### Input for this task
——

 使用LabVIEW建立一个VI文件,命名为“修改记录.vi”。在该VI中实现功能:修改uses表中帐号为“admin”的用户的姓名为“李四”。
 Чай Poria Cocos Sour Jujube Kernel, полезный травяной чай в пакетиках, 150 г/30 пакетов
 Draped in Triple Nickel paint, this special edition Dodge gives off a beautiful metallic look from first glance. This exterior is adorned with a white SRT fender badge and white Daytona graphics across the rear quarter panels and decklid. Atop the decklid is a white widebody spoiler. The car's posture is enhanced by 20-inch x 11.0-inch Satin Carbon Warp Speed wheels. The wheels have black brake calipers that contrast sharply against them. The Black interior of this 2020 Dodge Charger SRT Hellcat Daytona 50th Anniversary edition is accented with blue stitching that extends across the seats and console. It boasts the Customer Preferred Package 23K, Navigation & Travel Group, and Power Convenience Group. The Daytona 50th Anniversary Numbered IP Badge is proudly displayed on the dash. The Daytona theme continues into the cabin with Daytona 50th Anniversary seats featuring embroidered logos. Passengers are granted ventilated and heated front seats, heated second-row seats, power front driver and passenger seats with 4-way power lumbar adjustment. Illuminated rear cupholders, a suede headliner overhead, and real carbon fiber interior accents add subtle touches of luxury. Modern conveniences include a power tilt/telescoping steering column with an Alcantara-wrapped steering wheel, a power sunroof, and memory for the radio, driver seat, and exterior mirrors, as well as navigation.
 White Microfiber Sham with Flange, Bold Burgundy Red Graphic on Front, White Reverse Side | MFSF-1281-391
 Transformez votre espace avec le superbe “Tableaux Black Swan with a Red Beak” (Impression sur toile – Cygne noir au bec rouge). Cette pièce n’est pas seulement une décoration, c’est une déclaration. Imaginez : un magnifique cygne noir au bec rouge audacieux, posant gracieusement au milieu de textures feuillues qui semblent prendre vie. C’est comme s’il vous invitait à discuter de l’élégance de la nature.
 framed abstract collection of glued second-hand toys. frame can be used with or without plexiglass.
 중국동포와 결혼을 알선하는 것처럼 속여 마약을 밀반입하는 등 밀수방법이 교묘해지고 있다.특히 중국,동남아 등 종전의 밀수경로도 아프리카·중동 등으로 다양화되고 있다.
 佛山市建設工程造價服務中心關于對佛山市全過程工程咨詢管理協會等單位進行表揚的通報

——

### What the exercise asks
Make an exact copy of the lines running from the one with "Transformez votre espace" to the last line of the listing, including both ends.

### Expected answer
 Transformez votre espace avec le superbe “Tableaux Black Swan with a Red Beak” (Impression sur toile – Cygne noir au bec rouge). Cette pièce n’est pas seulement une décoration, c’est une déclaration. Imaginez : un magnifique cygne noir au bec rouge audacieux, posant gracieusement au milieu de textures feuillues qui semblent prendre vie. C’est comme s’il vous invitait à discuter de l’élégance de la nature.
 framed abstract collection of glued second-hand toys. frame can be used with or without plexiglass.
 중국동포와 결혼을 알선하는 것처럼 속여 마약을 밀반입하는 등 밀수방법이 교묘해지고 있다.특히 중국,동남아 등 종전의 밀수경로도 아프리카·중동 등으로 다양화되고 있다.
 佛山市建設工程造價服務中心關于對佛山市全過程工程咨詢管理協會等單位進行表揚的通報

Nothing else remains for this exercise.